LabourNet: The latest leaflet from the Port Shop Stewards says "we have no alternative but to step up our action. Locally we are calling on all trade unionists to boycott the Port of Liverpool. Do not allow goods manufactured in your workplaces to travel through the port. We call on you to look at ways of joining in our fight—by taking industrial action in every shape and form."

Given the move by the T&G to wash its hands of the dispute, how would you argue the case for such industrial action?

Terry: Clearly up to now the support from the T&G has done little to promote the solidarity actions that we have received from supporters both nationally and internationally. If the truth be told, the T&G leadership have never been in favour of our policy of trying to undermine the financial base of the Mersey Docks and Harbour Company whether via mass picketting, or international boycotts. That support has had to be won by direct visits to workplaces, delegation meetings, and travelling the world to meet with trade unionists and fellow dockworkers.

We have the determination to maintain this campaign, and we also believe the support will continue. But it has to be stepped up if it is to succeed.

We ask workers to judge our dispute on its merits, and the bottom line is simple: unless there is a campaign amongst other industrial workers for industrial action, the likelihood is that our dispute will go the way of many others and end in defeat. Such a defeat is not inevitable.

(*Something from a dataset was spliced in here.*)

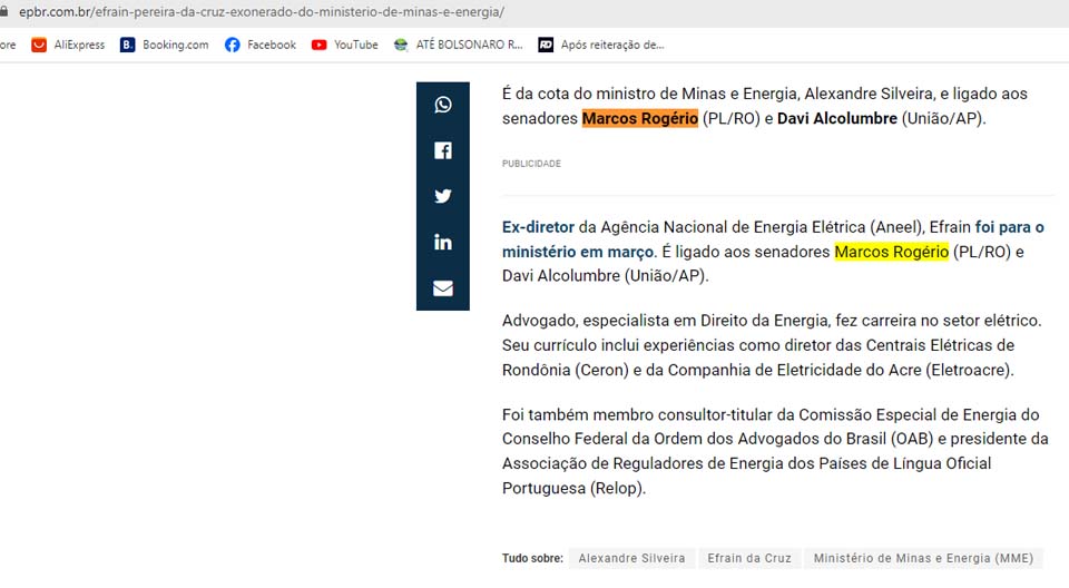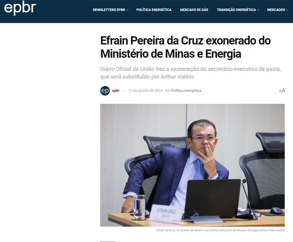 Porto Velho, RO – De acordo com a agência EPBR, especializada em notícias de energia e política energética, nesta quinta-feira (11/1), o Diário Oficial da União publicou a exoneração de Efrain Pereira da Cruz do cargo de secretário-executivo do Ministério de Minas e Energia. A surpreendente mudança resultou na nomeação de Arthur Valério, que anteriormente liderava a assessoria jurídica do ministério.

Trade unionists need to look beyond the Liverpool dispute to understand this situation. At the height of the trade union movement during my working life—the late 1960's and early '70's—workers rights, pay and conditions were improved by workers directly involving themselves in solidarity actions. Since 1984 no major industrial battle has been won, all such struggles have gone down. Every time a large group of industrial workers has suffered defeat, there has been a knock-on effect for workers rights throughout the country.

One of the conditions created by the Thatcherite employment legislation is a climate of fear, at least within the UK. No matter what the situation, workers feel a tremendous fear of losing their job.

The anti-trade union legislation went hand in glove with the policies of privatisation, breaking down the nationalised industries. The motive was not simply reorganising management structures, it was also to attack the strength and solidarity of the workforce.

In opposition, Tony Blair once described the present industrial legislation as "the most oppressive in the Western world", and promised that a Labour Government would restore a level playing field for workers and employers alike. This is a joke.

Sooner or later, if the trade union movement is not to die out, a lead must be given to show that workers in this country can still achieve better pay and conditions, and can still have a say within their industry by directly challenging their employers.

Taking action in support of our dispute would also challenge the legislation and without such challenges I do not believe the laws will actually be repealed.

If we can make a breakthrough and win a victory, not only against the employer but against the system which is so heavily loaded against trade unionists, this will benefit everyone who wants to stand up for themselves.